A NASA rover streaked through the orange Martian sky and landed on the red planet Thursday, after travelling through space for over six months.

The rover, named Perseverance, managed to land safely on Mars, becoming the ninth spacecraft to successfully make it to the neighbouring planet.

Ground controllers at the Jet Propulsion Laboratory in Pasadena, California, cheered and clapped, exchanging fist bumps and high fives after receiving confirmation that the six-wheeled Perseverance had touched down on the red planet.

It took a tension-filled 11 1/2 minutes for the signal to reach Earth before flight controller Swati Mohan declared, “Touchdown confirmed!”

Experts are saying Thursday’s rover landing was the riskiest step yet in an epic quest to bring back rocks that could answer whether life ever existed on Mars.

Perseverance, launched last June, landed on the Jezero Crater just north of the Mars equator, and will drill into the surface in order to take between 20 and 35 core samples up to 10 centimetres long.

The rover will then stash those samples on the surface.

As early as 2026, another rover is to retrace Perseverance’s journey and retrieve the samples for eventual return to Earth, perhaps by 2031.

According to NASA researchers, Perseverance will be able to send much information back on its own.

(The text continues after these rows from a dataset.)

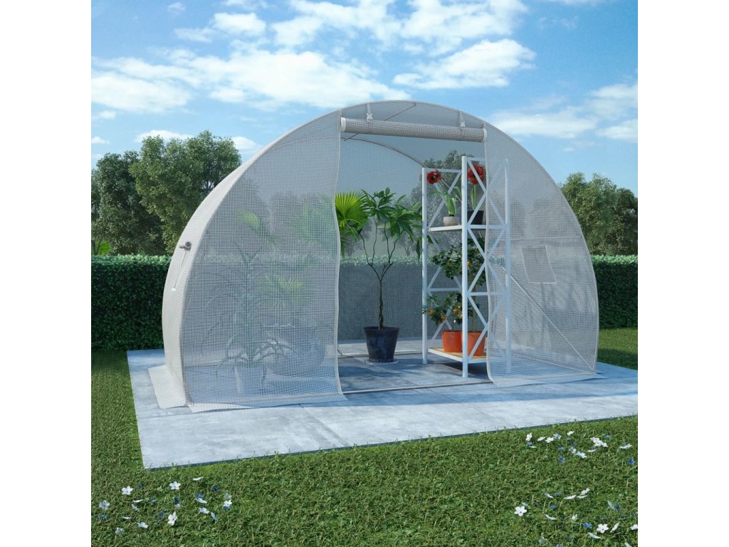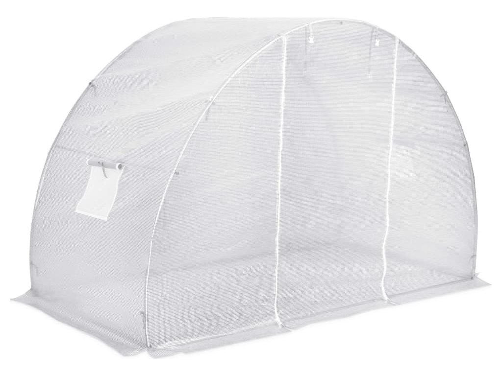 Skleník vaše rostliny ochrání nejen před větrem a deštěm, ale také před ptáky a přímým slunečním svitem. Je vyroben z PE tkaniny s gramáží 170 g/m², která je o 25 % těžší než standardní síťovina vyrobená konkurencí. Skleník disponuje rámem z pozinkované oceli, který skvěle vzdoruje korozi, takže je velmi stabilní. Navíc je vybavený dvěma odvětrávacími okénky o rozměrech 38 x 38 cm a dveřmi 100 x 185 cm.
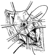如果疝囊较小,可在颈部缝扎、切断[图3-9];如果疝囊较大,则可将疝囊游离缘提起,并将疝囊颈尽量拉出。在颈部高位用4号丝线作荷包缝合[图3-10]。扎紧荷包缝线后,再行缝扎加固,使局部腹膜不再存在袋形突出。然后在缝线远端1cm处切除疝囊。缝合时必须注意避免损伤精索和腹壁下血管,还应避免扎住腹腔内脏器。如疝囊较大,可不分离疝囊下半段,只在其中部切断后切除上半段,保留下半段,以减少组织损伤和出血。最后将疝囊残端推回腹膜外间隙。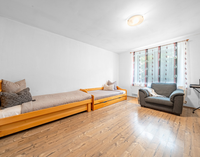 BYT: byt prešiel kompletnou rekonštrukciou,( plastové okná, znižovanie stropu, omietky, elektrina,kuchynská linka, kúpeľna,) celková výmera bytu,bez plochy pivnice, a skladu je 73,63 m2. K bytu prináleží pivnica o výmere 8,61 m2 a sklad o výmere 24 m2. Byt sa nachádza na prízemí. Byt má podlahové vykurovanie a krbové kachle. Bytový dom je z roku 1947 a prešiel rekonštrukciou, ( zateplenie, výmena kotla, výmena hlavnej prípojky, nová kanalizácia, strešná krytina)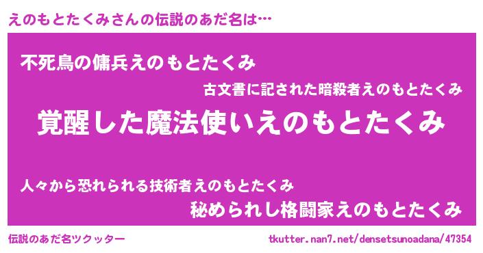 | 男性向けラノベタイトル風あだ名 | 『うちのえのもとたくみが世界を掌握している!』 |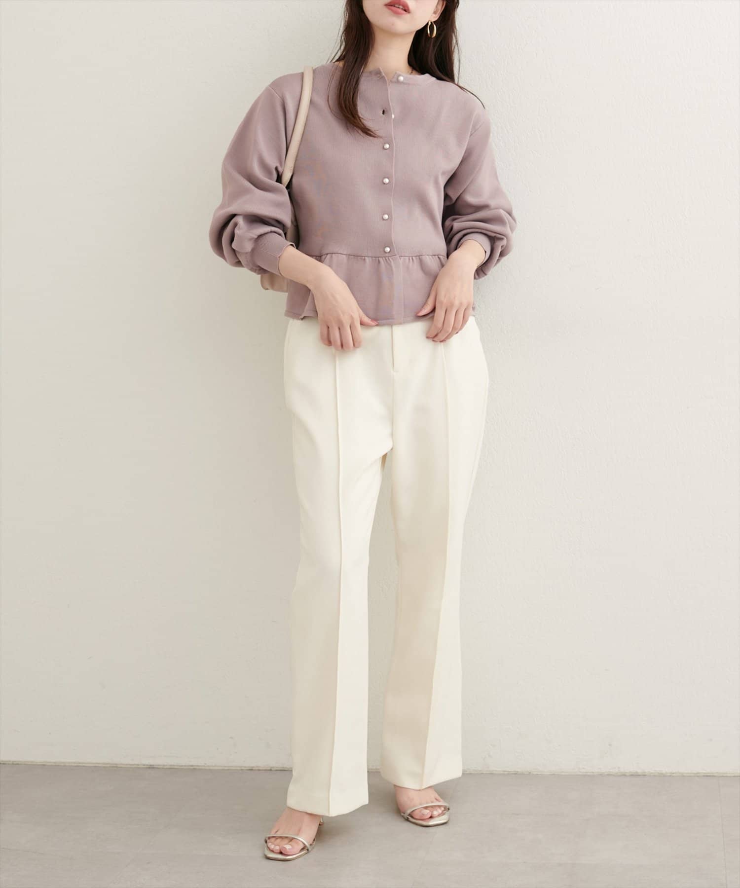 袖口に向かってふんわりと広がるボリュームスリーブは、トレンド感を演出。
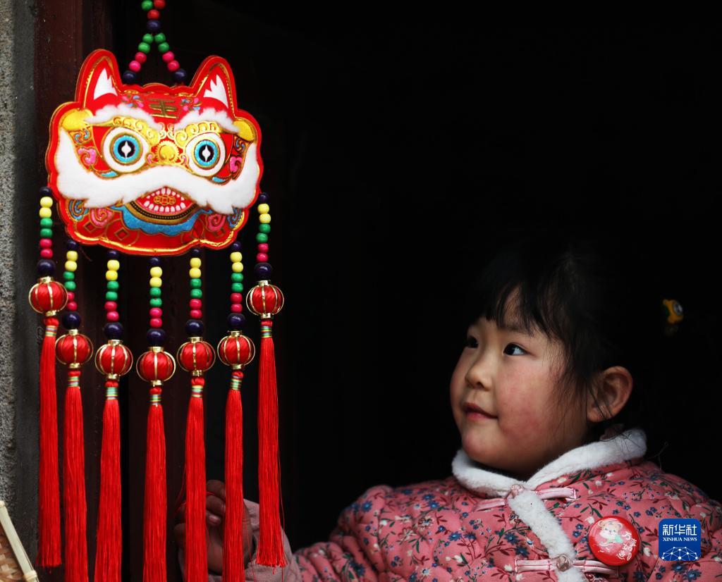 1月20日,在山東省臨沂市郯城縣紅花鎮馬圩子村,一名小女孩在虎頭中國結前駐足。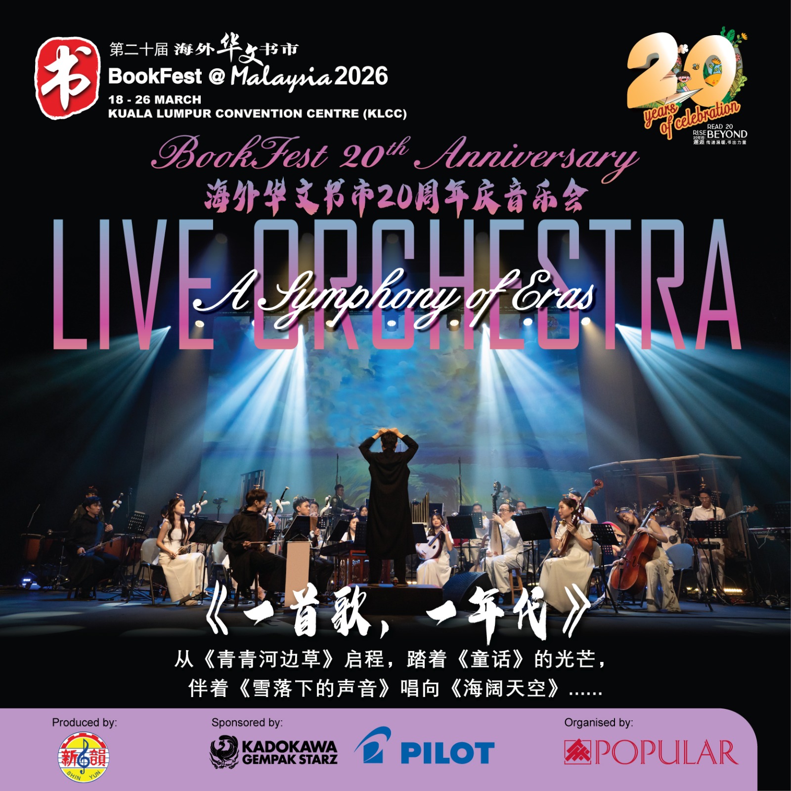 To mark its milestone celebrations, BookFest @ Malaysia 2026 presents a special Live Orchestra Concert on 23 March at 3.00pm at the KLCC Convention Centre, Conference Halls 1–3 (Level 3). The orchestra will feature 26 musical instruments under the direction of a conductor, performed by members of the Persatuan Bunyi-Bunyian Shin Yun, a distinguished ensemble celebrated for their seamless fusion of traditional Chinese music with contemporary orchestral arrangements. Audiences will enjoy a curated selection of iconic songs from the 1980s to 2000s, complemented by special guest appearances by Priscilla Abby and Fuying & Sam, promising an immersive musical experience for all generations. Tickets are priced at RM60 nett and available at selected POPULAR/HARRIS bookstores and POPULAR Online.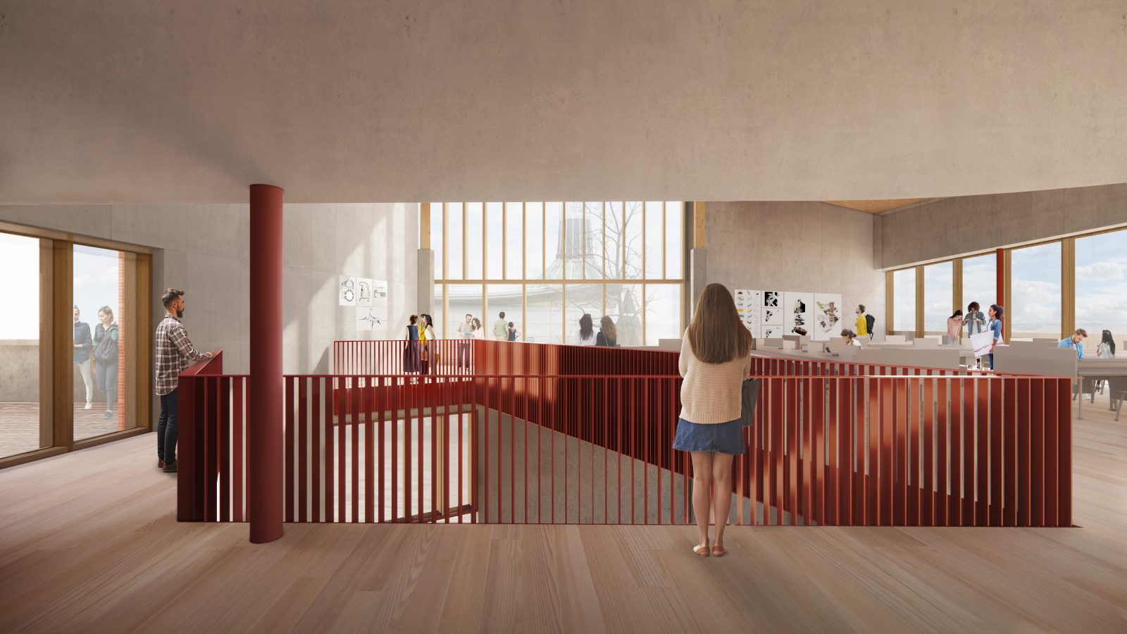 O'Donnell + Tuomey’s design for Liverpool University’s School of Architecture extension – internal view towards the cathedral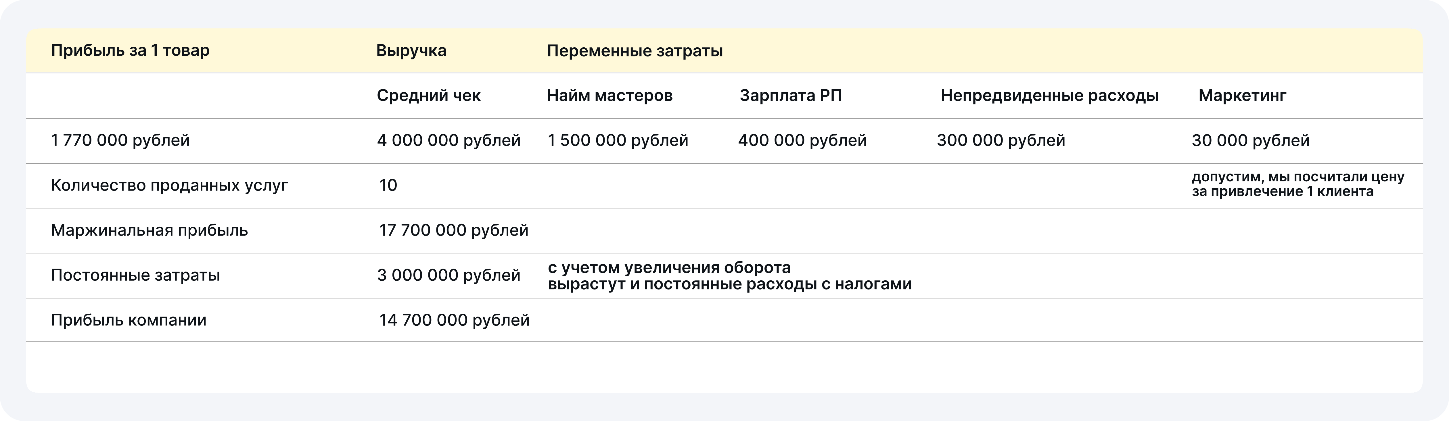Представим расчеты в виде таблицы, где CAC (затраты на привлечение клиента) уже подсчитаны для удобства. Вы можете рассчитать эту метрику по формуле выше. В таблице мы рассчитали прибыль за 1 товар с помощью вычитания переменных затрат из выручки. Маржинальная прибыль были получена через умножение прибыли за один товар на количество проданных услуг. Постоянные затраты взяты как усредненное число, в которое включаются налоги на патенте, аренда офиса и склада.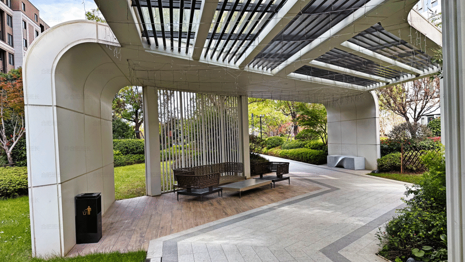 进入小区后首先看到的是米白色的风雨连廊,“回家即归心”也表明这是融创物业管理的楼盘。连廊运用了大量曲线设计,左右两侧则是各类景观绿化,比较有特色的是连廊和观景廊亭进行了统一设计,整体性比较强。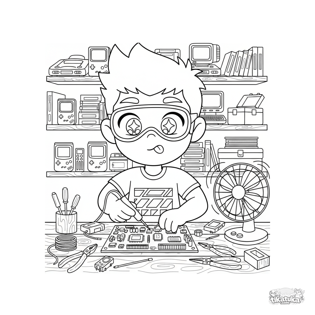 Página para colorear para niños de 10-12 años: un coleccionista de tecnología retro soldando una placa base en un sótano. Detalles: estantes con consolas, herramientas, ventilador.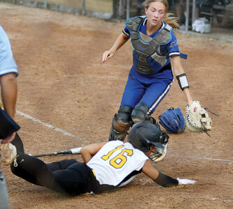 - T-R PHOTO BY JAKE RYDER – BCLUW’s Raegan Crawford (16) slides safely across the plate on a sacrifice fly off the bat of Cassie Nason as Montezuma catcher Ellen Cook, top, tries to retrieve the throw home.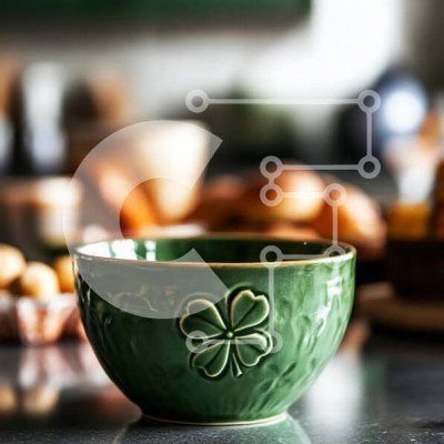 Υπάρχει δυνατότητα προσωποποίησης με δική σας φωτογραφία και προσαρμογής διαστάσεων κατόπιν παραγγελίας. Το συγεκεριμενο puzzle παρουσιαζει Αυτή η εικόνα παρουσιάζει ένα πράσινο κεραμικό μπολ σε περίοπτη θέση σε ένα τραπέζι, στολισμένο με ένα διακοσμητικό έμβλημα τετράφυλλου τριφυλλιού. Το μπολ έχει γυαλιστερό φινίρισμα, αντανακλώντας το ζεστό φως από το περιβάλλον. Στο παρασκήνιο, στοιχεία μαλακής εστίασης υποδηλ

It has 23 cameras to record everything about the landscape and an on-board laser that can vaporize rocks and analyze their makeup.

Perseverance will also be able to detect organic matter in the rocks and will carry ground-penetrating radar. Scientists say they will be looking for evidence recorded in the rocks of environments that could have been habitable.

Mars is thought to have had water at some time in the distant past, about 3.5-billion years ago, that all vanished.

Jezero was chosen because it’s thought to be an ancient lake bed. If there was life on Mars, lake sediments or a long-ago shoreline could be a good place to look for signs.